### Excerpted data
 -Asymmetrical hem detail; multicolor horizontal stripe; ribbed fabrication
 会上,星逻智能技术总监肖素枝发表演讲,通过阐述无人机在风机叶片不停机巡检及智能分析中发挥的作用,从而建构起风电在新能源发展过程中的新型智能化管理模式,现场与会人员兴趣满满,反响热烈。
==
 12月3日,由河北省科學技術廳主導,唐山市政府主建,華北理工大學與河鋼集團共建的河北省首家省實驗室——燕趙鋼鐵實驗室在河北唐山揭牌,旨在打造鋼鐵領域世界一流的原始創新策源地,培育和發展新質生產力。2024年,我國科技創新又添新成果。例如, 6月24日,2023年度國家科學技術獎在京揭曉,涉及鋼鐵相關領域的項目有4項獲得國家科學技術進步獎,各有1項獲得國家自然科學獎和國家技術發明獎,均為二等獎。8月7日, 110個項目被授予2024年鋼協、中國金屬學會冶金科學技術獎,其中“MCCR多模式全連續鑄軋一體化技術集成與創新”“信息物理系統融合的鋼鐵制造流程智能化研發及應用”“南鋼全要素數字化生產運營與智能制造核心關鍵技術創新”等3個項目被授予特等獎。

### Assignment
From the material above, set down exactly the lines starting at the one with "-Asymmetrical hem detail;" and ending at the one with "会上,星逻智能技术总监肖素枝", end lines included.

### Result
 -Asymmetrical hem detail; multicolor horizontal stripe; ribbed fabrication
 会上,星逻智能技术总监肖素枝发表演讲,通过阐述无人机在风机叶片不停机巡检及智能分析中发挥的作用,从而建构起风电在新能源发展过程中的新型智能化管理模式,现场与会人员兴趣满满,反响热烈。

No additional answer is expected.